Best Fruits You Should Be Eating Every Day
Nature’s candy, AKA fruit, should be easy enough to eat. Most fruit is sweet, hydrating, and overall delicious, but only 12% of Americans get the recommended one and a half to two cups of fruit a day.
Eating fruit helps you get essential vitamins and minerals, antioxidants, and fiber. People who eat more fruit have a reduced risk of heart attacks, stroke, and cancer. In a 2021 Australian study, people who ate at least two servings of fruit a day were 36% less likely to develop type 2 diabetes than those who ate less than half a serving daily.
But, with so many different kinds of fruit, which ones should you choose?
First of all, you can’t go wrong adding more fruit to your diet, but some types stand out among the rest as nature’s superstars. Here are seven fruits dietitians say you should be eating, and for more on how to eat healthy, make sure you avoid these 100 Unhealthiest Foods on the Planet.
Strawberries are a versatile and healthy fruit that has a portion size larger than most other fruit. Plus, even though they’re sweet as can be, they’re an excellent choice for people with diabetes or on a low-carb diet.
“A serving of strawberries is one and a quarter cup which is equivalent to 15 grams of carbohydrate and three grams of fiber, making this a good fruit choice for people with diabetes,” says Toby Smithson, RD registered dietitian, certified diabetes care and education specialist, founder of Diabetes EveryDay and author of Diabetes Meal Planning and Nutrition for Dummies.
Ever wonder what gives strawberries their deep red color? “[They’re] a great source of the antioxidant anthocyanin, which has been shown to reduce inflammation, oxidative stress, and insulin resistance which are all risk factors associated with type 2 diabetes,” says Smithson.
“Once you pop, you just can’t stop” should have been written about these blue beauties.

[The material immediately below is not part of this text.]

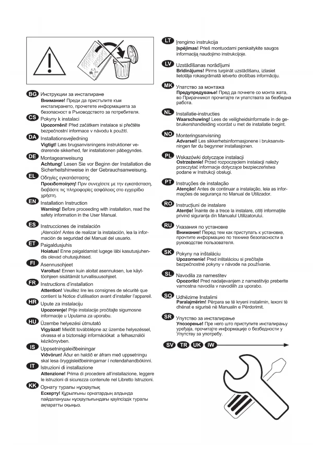 Instructions d’installation Attention! Veuillez lire les consignes de sécurité que contient la Notice d’utilisation avant d’installer l’appareil.

It’s easy to eat a handful (or several) in one sitting, but thankfully blueberries are just as healthy as they are delicious.

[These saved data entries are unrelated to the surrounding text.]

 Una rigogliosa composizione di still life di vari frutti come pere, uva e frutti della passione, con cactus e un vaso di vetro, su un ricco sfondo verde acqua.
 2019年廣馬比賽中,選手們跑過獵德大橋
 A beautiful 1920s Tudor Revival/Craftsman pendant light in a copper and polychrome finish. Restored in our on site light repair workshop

Blueberries are full of antioxidants, and eating berries at least twice a week is an important part of the MIND Diet, a diet that has neuroprotective effects, explains registered dietitian Christina Iaboni, RD.
Instead of always snacking on regular blueberries, give wild blueberries a try. They’re loaded with anti-inflammatory benefits and have two times more health-helping antioxidants than conventional blueberries, explains Amy Gorin, MS, RDN, an inclusive plant-based registered dietitian nutritionist.
“Regularly eating wild blueberries has been shown to help improve memory and slow brain aging,” says Gorin. One small study found that older adults who ate one cup of fresh blueberries daily for three months had significant improvements on mental cognition tests.
Nothing goes better with a summer picnic than a big juicy slice of watermelon. This summertime staple doesn’t only taste good, it’s also bursting with health benefits.
“Watermelon is high in lycopene, an antioxidant which studies suggest can lower the risk of certain cancers and improve heart health,” says Rachel Rothman, MS, RD, CLEC. Lycopene helps give watermelon its red color and can be found in other foods like tomatoes, grapefruit, and papaya.
If you typically toss the watermelon rind in the trash or compost bin, you’re missing out on a lot of amazing nutrition. The watermelon rind is actually edible! “It’s rich in fiber and contains beneficial amino acids, like citrulline, which some studies have shown to boost heart health,” says Rothman.
If fresh fruit is hard to come by or keep around, give prunes a try. Prunes are dried plums that are perfect to keep in your pantry for a nutrient boost added to salads, smoothies, or just to snack on.
Eating just five to six prunes provides three grams of fiber and a big boost for bone health, explains Gorin. One small study found that just five prunes a day prevented total body bone mineral density in a group of older women with osteoporosis. Researchers give credit to prunes’ ability to reduce the breakdown of bone, although aren’t yet sure about the mechanism behind it.
There’s nothing more convenient than a fruit that comes in its own neat little package. While some naysayers in the past have accused bananas of being too high in sugar, they’re actually the perfect fruit to provide energy on the go. One of my favorite times to eat bananas is pre-workout. They’re easy to digest and one medium banana has 27 grams of carbohydrate to fuel a run or spin class.
“All produce is nutritious and has benefits, but the best produce is whatever you can maintain in your diet based on your family and economic constraints, and bananas often fit the bill,” says Sharon Puello, MA, RD, CDN, CDCES.
If your grocery budget is stretched thin, bananas make it easy to eat and serve fruit each day. Buy more than you need when they’re on sale, sometimes as low as $0.20 each, and pop what you can’t eat into the freezer to add a big nutrient burst to breads, muffins, and smoothies.